Following its own agenda, the BJP placed in regional newspapers an advertisement showing Modi and Nitish together on a platform. Bihar has a large Muslim population which could not have been happy over the photo. Nitish had to act to assure the Muslims that the publication of the photo was BJP’s doing. His party, Janta Dal (U), tried to pepper the differences as if it was a personality clash. But Nitish Kumar’s approach was fundamentally different. He does not think that he can live with personalities like Modi if the BJP thrusts on Bihar. Whatever is the JDU thinking, it looks that Nitish Kumar would like to go it alone when the state goes to polls. He may well pave the path for a third front, badly needed in the country.

The BJP is beginning to understand Nitish’s long-term policy. It may therefore fight the state election on its own. Turning its back on Nitish, the BJP under the leadership of Nitin Gadkari, an RSS man, has made it clear that the party would rather sacrifice even an assured victory under Nitish than give up Modi who it wants to project as its prime minister candidate in the next Lok Sabha election.

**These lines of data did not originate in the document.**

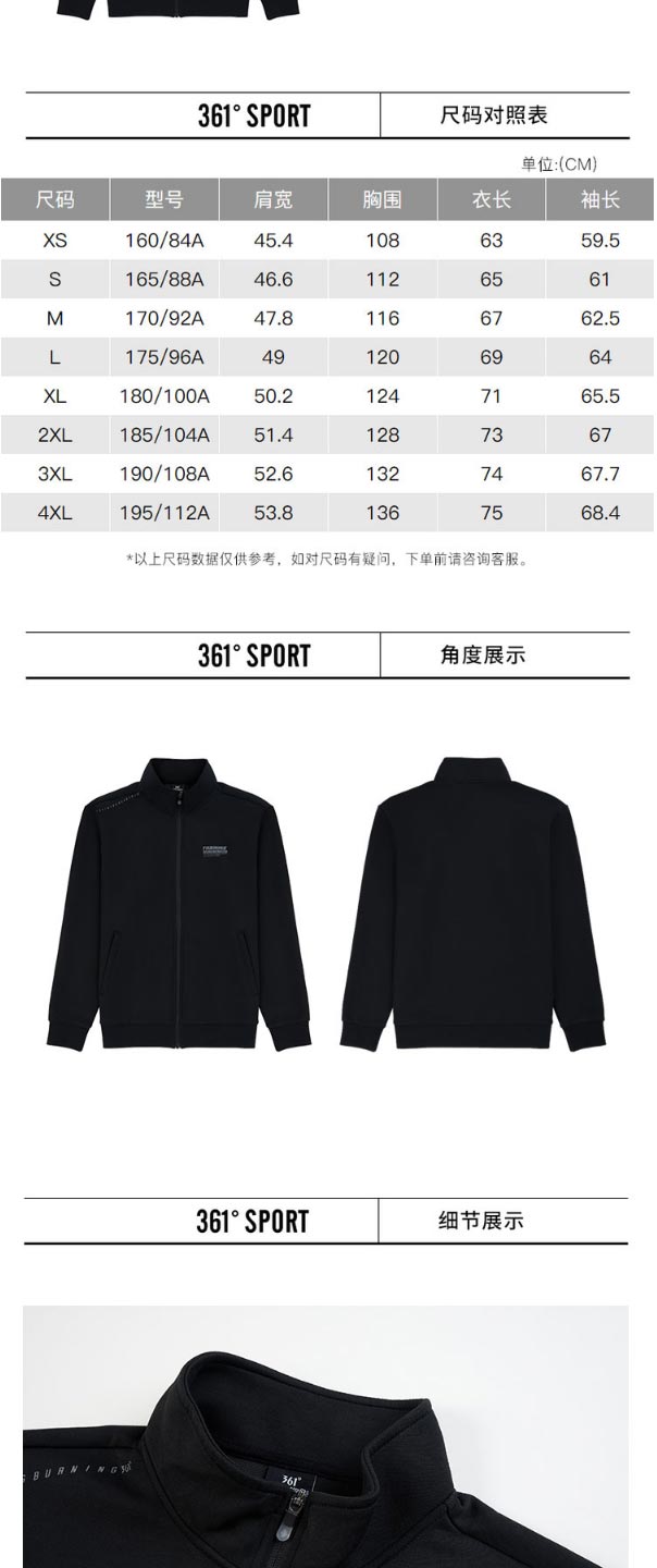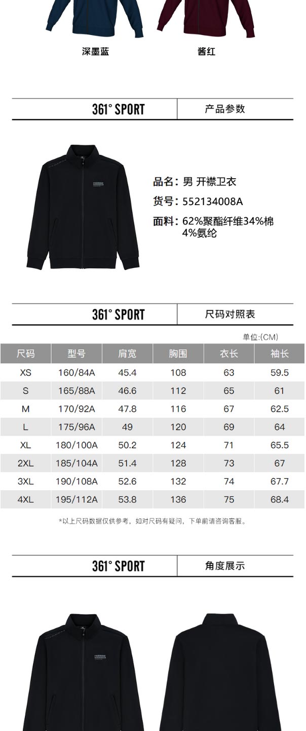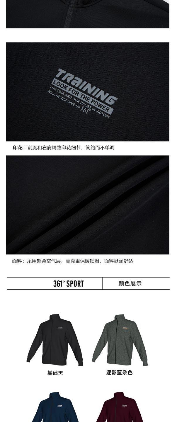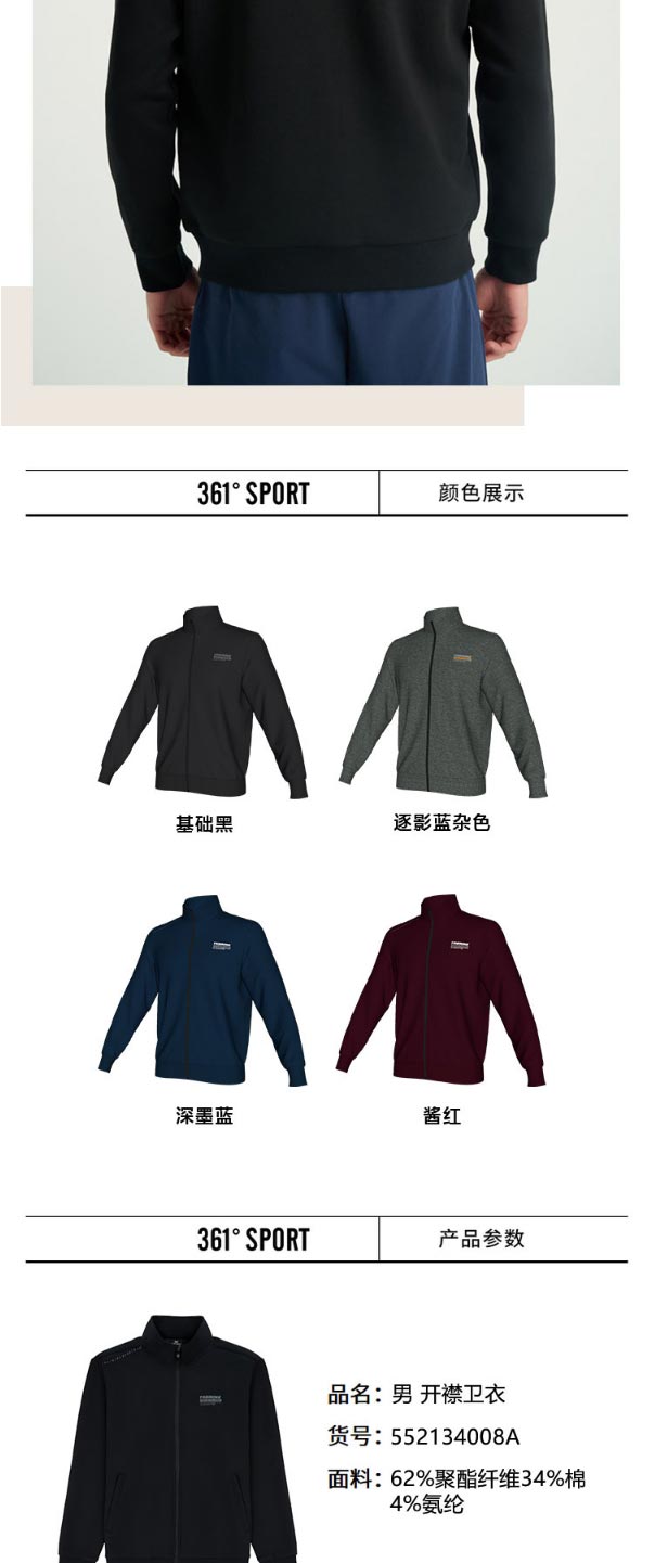 361度秋季新款运动服开襟卫衣552134008A
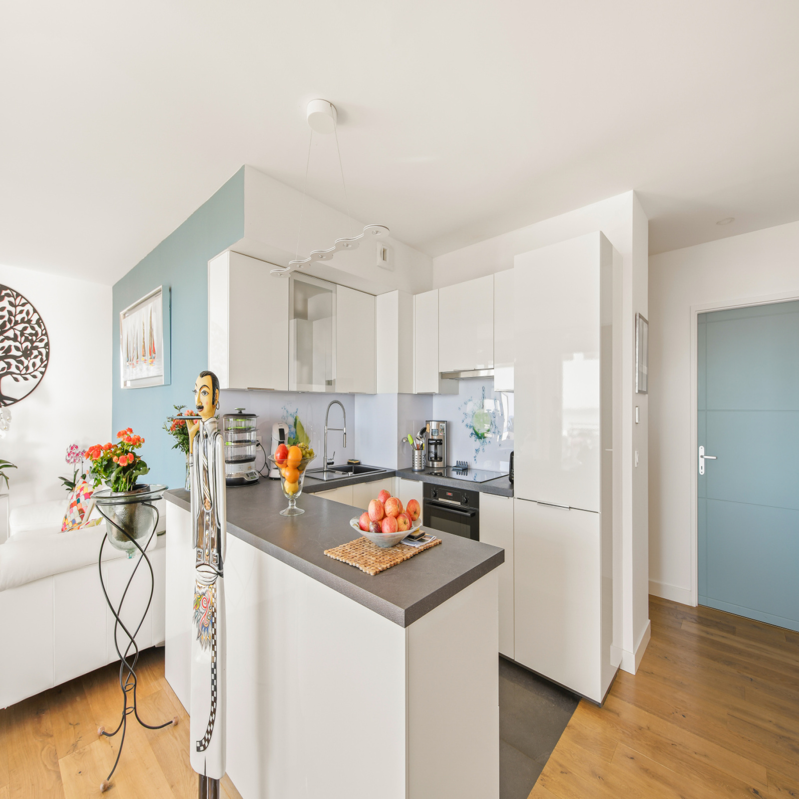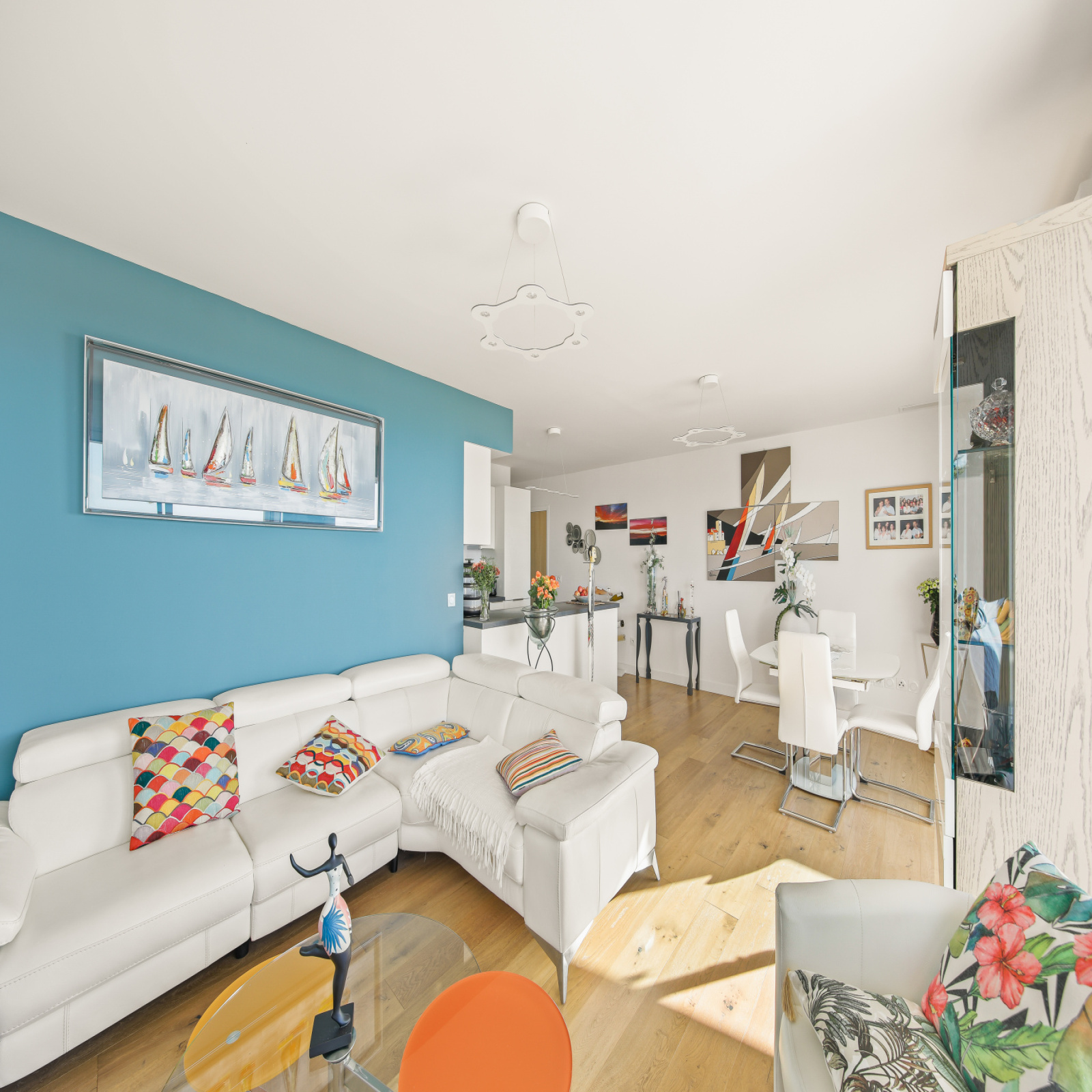 Dès l’entrée, le ton est donné. L’espace de 75 m² s’ouvre avec fluidité : une cuisine moderne, discrètement intégrée, se fond dans un vaste séjour baigné de lumière. Les larges baies vitrées laissent entrer le soleil du Sud, jouant sur les volumes avec élégance et chaleur. La salle à manger et le salon forment un espace de vie harmonieux, conçu pour le confort autant que pour la contemplation.
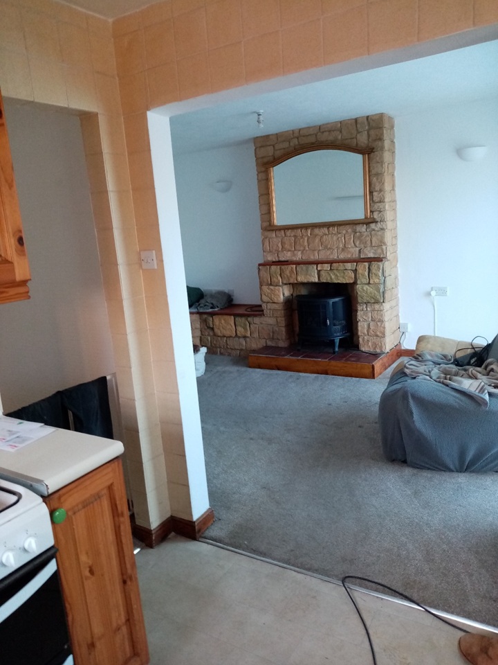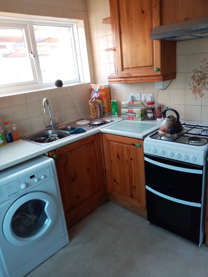 The kitchen is complete with worktops , cupboards , a gas oven ( about 3 years old) , a small fridge, washing machine and the combi boiler.
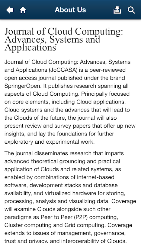 Tap into the most recent developments in the field of Cloud Computing with the Journal of Cloud Computing app. The Journal of Cloud Computing: Advances, Systems and Applications is a peer-reviewed open access journal published by Springer Science+Business Media. The Journal publishes original articles that cover all aspects of of Cloud Computing including Cloud applications, Cloud systems and the advances that will lead to the Clouds of the future.
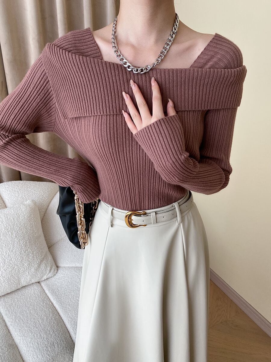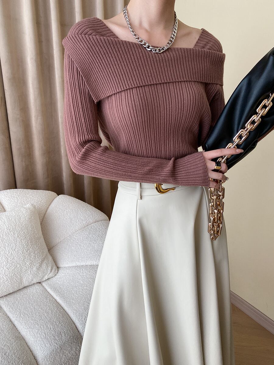 大人っぽく着こなせる!アシンメトリーなリブニット。
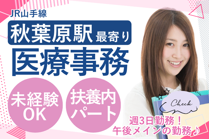 【週3日~OK】未経験から始めるクリニック受付・医療事務/秋葉原駅チカで扶養内・Wワークも歓迎!
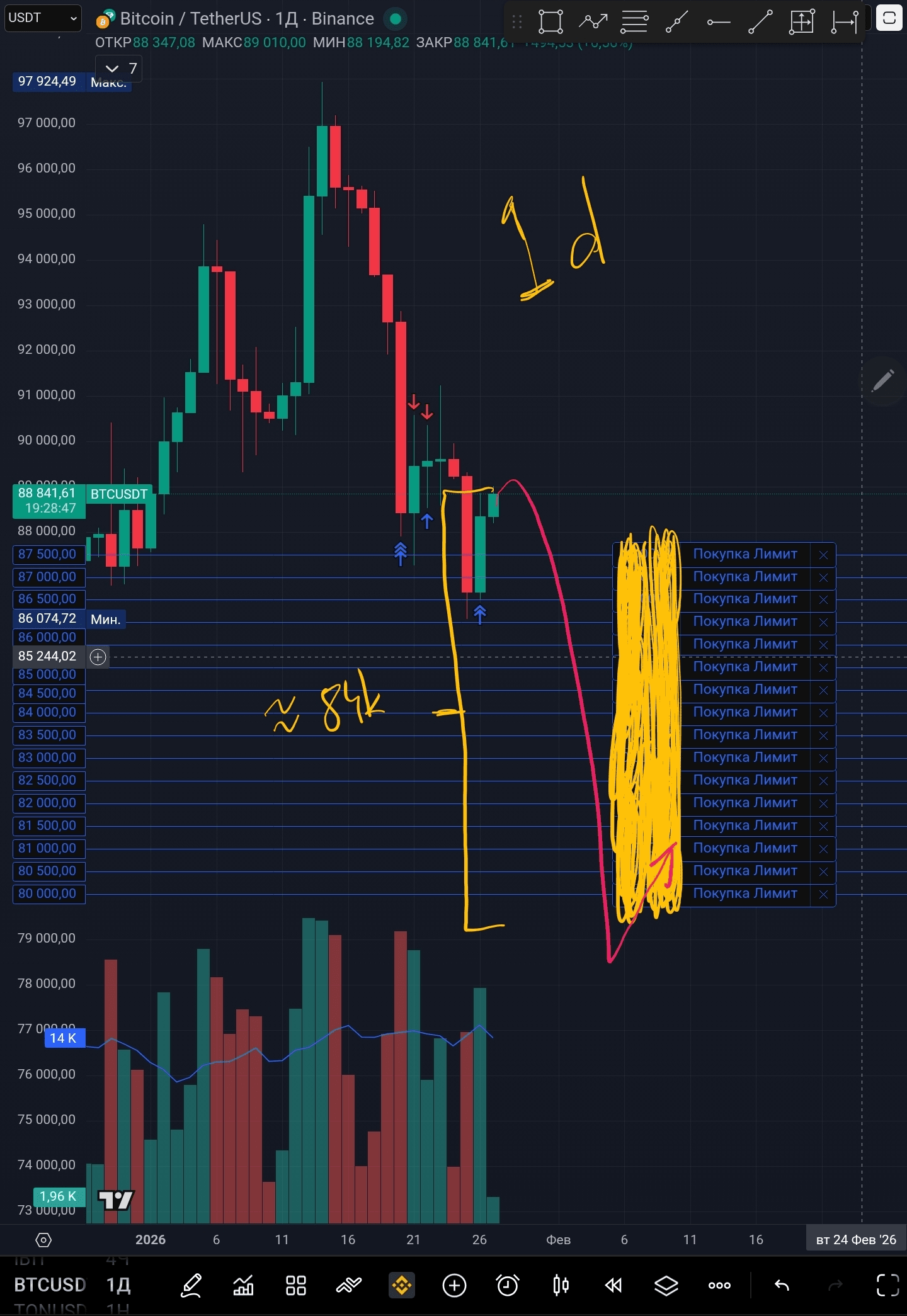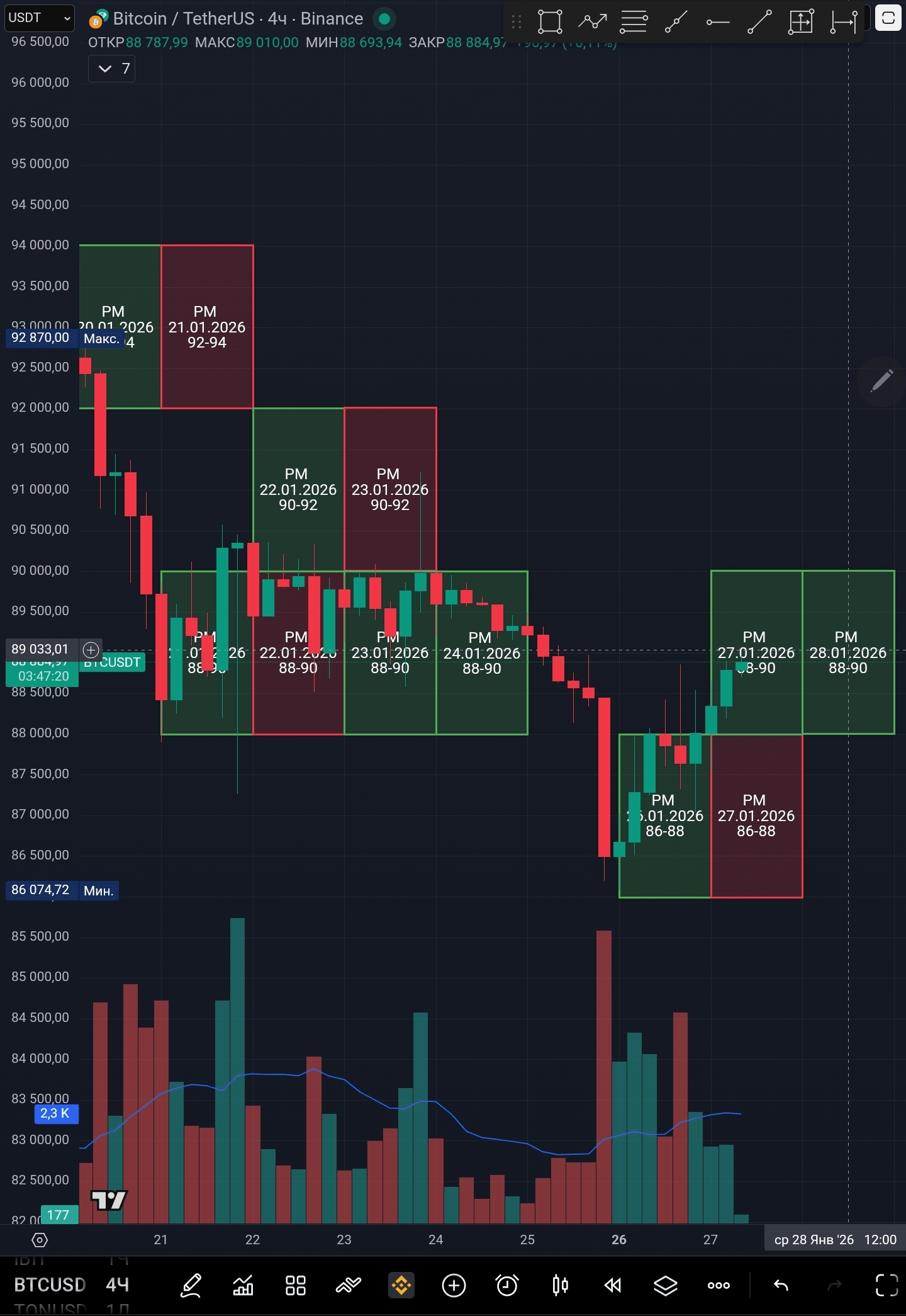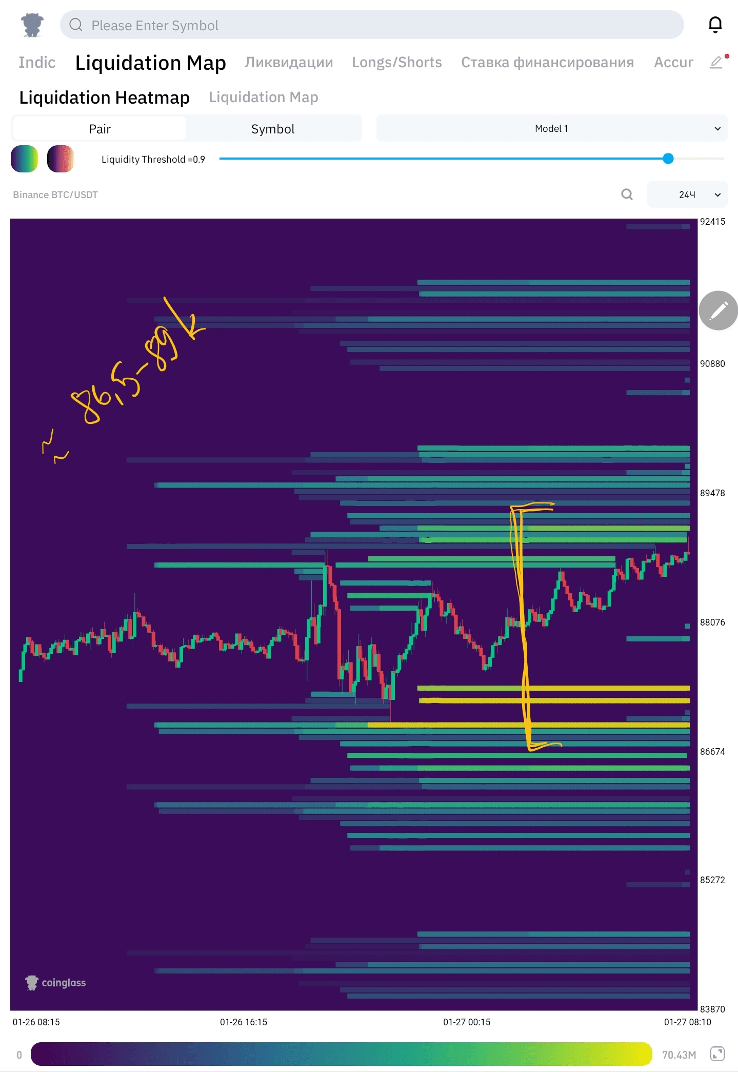 📍 Тепловая карта нам даёт примерный диапазон цен 86.5-89k

But party has gone over this exercise before and has found that Modi is not an acceptable face. Karnataka had to stop his visit when the state BJP government was contesting a by-election.

Rightist parties all over the world have been a wellspring of new ideas. Why is the BJP stuck at the same thinking since its inception? That Hinduism is in danger is not accepted by by Hindus, who constitute 80 per cent of India’s population. The electorates in Pakistan or Bangladesh do not return the candidates sponsored by the Jammiat Islami which appeals in the name of religion. In these countries also the Muslims who constitute the bulk of population do not think that Islam is in danger. Therefore the Jammiat gets less than a two-digit figure in elections.

The BJP is still the second biggest party in parliament and rules in some seven states. Its validity is not because it placates Hindu extremist elements but because it is considered by the voters as an alternative to the Congress. The left is still absorbed in its outmoded ideology. What do the people do? They want a viable alternative. Therefore, they turn to the BJP when they find the Congress increasingly corrupt and intolerably arrogant.

Were the BJP to become a centrist party and shed its anti-Muslim image, it could provide the alternative. Why doesn’t the party talk about economic programmes? The Congress adopts at every party meeting an economic resolution. The BJP does not even attempt to do so.

The Conservatives in the UK were out of power for 18 years because they were seen as a bunch of right wingers. They recovered only when they were seen adopting progressive steps. With the type of communal agenda the BJP has—and periodically there is an outcry for building the Ram temple where the Babri masjid stood before destruction—the party has little future. The mood of the country is different. It is looking forward to development.

In fact, I am surprised why Jaswant Singh is returning to the BJP without ensuring that it overcomes the tag of a yesterday party. True, his dilemma is that a politician has to have a platform to survive. But this is no basis for compromising with one’s principles. Or, maybe, this is the way the politicians function.

What is being rubbed into Jaswant Singh is that his return may coincide with the return of maverick Uma Bharti. Her qualification is that she jumped into the lap of Murli Manohar Joshi with joy when the Babri masjid was being pulled down, stone by stone. I thought Jaswant Singh was a sensitive person.